Extract from the entries below, exactly as given, only the lines from the line containing "Enteiserspray Sprühflasche, 0, 5l" to the line containing "Gameboy, Μεταλλικό παγούρι", both lines included.

Data supplied:
■ ■ ■

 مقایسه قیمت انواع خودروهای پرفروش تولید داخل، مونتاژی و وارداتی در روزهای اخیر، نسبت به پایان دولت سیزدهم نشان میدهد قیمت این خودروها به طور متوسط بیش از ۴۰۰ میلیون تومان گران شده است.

■ ■ ■

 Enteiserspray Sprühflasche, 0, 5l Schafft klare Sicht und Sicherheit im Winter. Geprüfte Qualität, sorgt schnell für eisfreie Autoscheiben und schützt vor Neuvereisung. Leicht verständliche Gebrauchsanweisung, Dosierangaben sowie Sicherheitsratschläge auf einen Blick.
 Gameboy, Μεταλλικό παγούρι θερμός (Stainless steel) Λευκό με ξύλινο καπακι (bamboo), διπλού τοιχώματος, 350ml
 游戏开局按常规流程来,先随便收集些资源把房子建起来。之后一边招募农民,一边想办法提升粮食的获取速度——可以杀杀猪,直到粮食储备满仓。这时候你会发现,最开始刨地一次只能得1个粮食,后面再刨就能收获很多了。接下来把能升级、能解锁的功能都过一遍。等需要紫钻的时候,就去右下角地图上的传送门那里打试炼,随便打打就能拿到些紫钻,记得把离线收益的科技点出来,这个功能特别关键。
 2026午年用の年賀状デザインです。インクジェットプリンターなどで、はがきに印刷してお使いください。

■ ■ ■

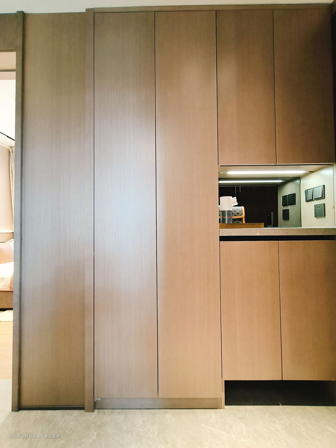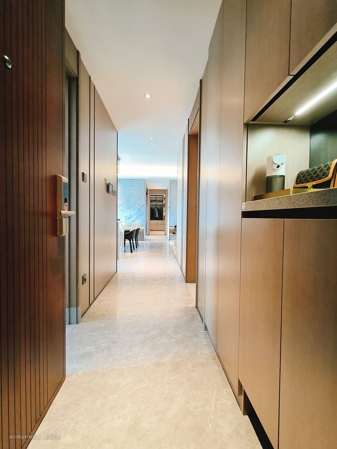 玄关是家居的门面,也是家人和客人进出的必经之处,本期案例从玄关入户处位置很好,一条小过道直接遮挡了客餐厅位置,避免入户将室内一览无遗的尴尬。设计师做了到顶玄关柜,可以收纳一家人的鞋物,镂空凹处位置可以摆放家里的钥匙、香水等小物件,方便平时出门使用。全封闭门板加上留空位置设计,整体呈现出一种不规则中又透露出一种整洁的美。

■ ■ ■

Response to this task:
 Enteiserspray Sprühflasche, 0, 5l Schafft klare Sicht und Sicherheit im Winter. Geprüfte Qualität, sorgt schnell für eisfreie Autoscheiben und schützt vor Neuvereisung. Leicht verständliche Gebrauchsanweisung, Dosierangaben sowie Sicherheitsratschläge auf einen Blick.
 Gameboy, Μεταλλικό παγούρι θερμός (Stainless steel) Λευκό με ξύλινο καπακι (bamboo), διπλού τοιχώματος, 350ml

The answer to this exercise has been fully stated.